Our study contributes to a small but growing number of critical, in-depth studies of teamwork (e.g., Barker, 1993; Pollert, 1996; McKinlay and Taylor, 1996; Marks et al., 1997; Danford, 1997) by building on and illustrating a comparatively well-established critique in a way that incorporates two sparsely researched aspects of its practical organization. The critique contends that exhortations to "take collective responsibility" are a feature of teamwork but that their practical realization may well be impeded when teamwork is adopted as an extension of and supplement to a traditional management system. The intent to abolish some features of this system, such as close supervision, should not be uncritically conflated with a dilution or demise of an established top-down structure of control. From a critical perspective, it is understood that team-based work organization neither eliminates "the control imperative," nor does it "smother worker dissent and resistance" (McKinlay and Taylor, 1996: 289). While we acknowledge that teamwork can deliver managerially desired, cost-effective outcomes, as it did at StitchCo, we challenge the claim of those commentators, including critical analysts (e.g., Barker, 1993), who have claimed that teamwork involves a significant shift from a traditional management system (Womack, Jones, and Roos, 1990). We extend this critique in two ways. First, we highlight the role of accounting calculations in justifying the introduction of teamwork and supporting its day-to-day operation, a topic generally neglected by sociologists of organization (but see Meyer, 1986; Zald, 1986).
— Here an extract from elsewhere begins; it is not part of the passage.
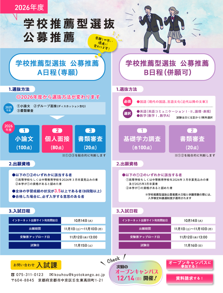 オープンキャンパス イベント一覧 すべて 来校型 オンライン型 12/14(日) 10:00~13:00 オープンキャンパス 京都府京都市中京区壬生東高田町1-21 プレゼント特典あり 友達・保護者OK 奨学金制度の紹介 12/14(日) 10:00~13:00 オープンキャンパス 京都府京都市中京区壬生東高田町1-21 プレゼント特典あり 友達・保護者OK 奨学金制度の紹介 開催スケジュールがありません。 オープンキャンパスのチェックポイント Q. オープンキャンパスに行くメリットは? A. パンフレットやホームページではわからない学校の雰囲気や特徴を知ることができる。オープンキャンパスは、校舎や施設を見学し、説明を聞いたり、質 問したりすることで、学校の雰囲気や特徴を知ることができるイベントだ。興味のある学校にいくつか参加して比較しよう。 ①入学後の生活をイメージできる 学校の雰囲気が体感でき、また授業・実習を体験できるので、入学後のイメージができる。 ②疑問を解消できる 先生や在校生に、入試や授業、学生生活で気になることなどを直接質問ができる。 ③モチベーションがアップする キャンパスを見たり、授業などを体験することで受験や進学へのモチベーションがアップする。 ④入学後のミスマッチが防げる 入学後に「イメージと違った、こんなはずではなかった」と悔やまないように、入学前に学校への理解を深めることができる。 もっと見る Q. オープンキャンパスってどんなことをするの? A. キャンパス見学や体験授業、学校の説明や個別の相談会など、学校を知ることができる絶好のチャンス!オープンキャンパスは、各学校が独自に工夫を凝らしたものとなっ ている。また、友人と参加できるのはもちろん、保護者の方が同伴できるものも多く、保護者向けの説明会や相談会を同時に開催する学校も増えている。オープンキャンパスは、気になる学校をじっくりと観察できる絶好のチャンス。その主な内容を見ていこう。 ●キャンパス見学ツアー 教室、図書館、食堂、体育施設などさまざまな施設・設備を見学。在校生たちがガイド役となって、説明しながら案内してくれる場合が多い。 ●模擬授業・体験授業 講義や実習などを体験することができる。実際に行われている研究や学びの内容を知る大変よい機会となる。 ●学校説明会 学校全体の説明から、学部・学科・コースの内容説明、就職支援体制や就職実績、奨学金制度の紹介などが行われる。保護者向けの説明会を設けている学校もある。 ●入試説明会 一見複雑な入試方式の特徴やポイントを解説してくれる。入試対策のアドバイスが聞けたり、入試対策講座を実施する学校もあるようだ。 ●個別相談会 学校の担当者に、入試、奨学金、就職支援などの疑問を個別に相談ができる。また保護者向けに個別相談の時間を設けている学校もある。 ●その他 オープンキャンパスの参加が、総合型選抜(AO入試)のエントリーを兼ねていたり、オープンキャンパス会場でエントリー受付を行っていたりする学校もある。 ■タイムスケジュール例1 9:30~ 10:00~ 10:30~ 11:10~ 12:20~ 本人 受付開始 学校説明会 模擬授業 キャンパスツアー 昼食 保護者 受付開始 保護者説明会 模擬授業 保護者相談会 昼食 ■タイムスケジュール例2 9:00~ 10:00~ 10:50~ 12:20~ スクールバス送迎 説明会 キャンパスツアー・ミニ体験授業 座談会形式「先輩と話そう」 ←―――保護者相談・個別相談(希望者)――――→ もっと見る Q. オープンキャンパスに行くための事前準備は? A. 参加予約などでスケジュールを決め、パンフレットを取り寄せて学校のことを事前に調べよう! いきなりオープンキャンパス当日に学校に行って、予約が必要だった、定員が一杯だっ た…など参加できないということにならないように、参加したい学校のオープンキャンパスに事前予約が必要かを調べ、予約できる場合は予約をしておくとあわてることがないだろう。 また、たくさんの学部や学科・コースがある学校では、さまざまなプログラムを用意しているケースが多い。知りたいことや体験してみたいことを整理し、当日参加したいプログラムを決めておくと、より効率がよいだろう。 オープンキャンパスでは、先生や在校生などに質問することも可能だ。そのために、学校のパンフレットを取り寄せて、学校のことや、興味のある学部・学科・コースのことをあらかじめ調べておき、気になった点や疑問点などは手帳やノートにメモしておいて、チャンスがあれば当日確認しよう。 もっと見る Q. オープンキャンパスに参加するときの服装は? A. 学校の担当者に不快感を与えるような服装は避ければ私服でもOKです!制服でも構いません。キャンパスツアーなど移動が多い場合もあるので、自分の動きやすい服装を選びましょう。 Q. オープンキャンパスの持ち物は? A. 筆記用具やメモ帳、学校の連絡先、地図や路線図など事前に準備をしっかりしよう。 Q. オープンキャンパスは親や友達と参加してもいいの? A. 保護者の方や友達と一

Our examination of the use of accounting measures in establishing and sustaining teamwork contributes to a small but growing body of research undertaken by accounting academics that explores how accounting is implicated in processes of organizational change (e.g., Hopwood, 1990; Ezzamel, 1994; Jones and Dugdale, 1995). Second, and of greater theoretical importance, we address the issue of how employees' sense of self-identity renders them more or less receptive to moves in the direction of teamwork. While some studies have suggested the significance of self-identity for facilitating management control or stimulating employee resistance (e.g., Kerfoot and Knights, 1992; Barker, 1993), it has not been a focus of analysis.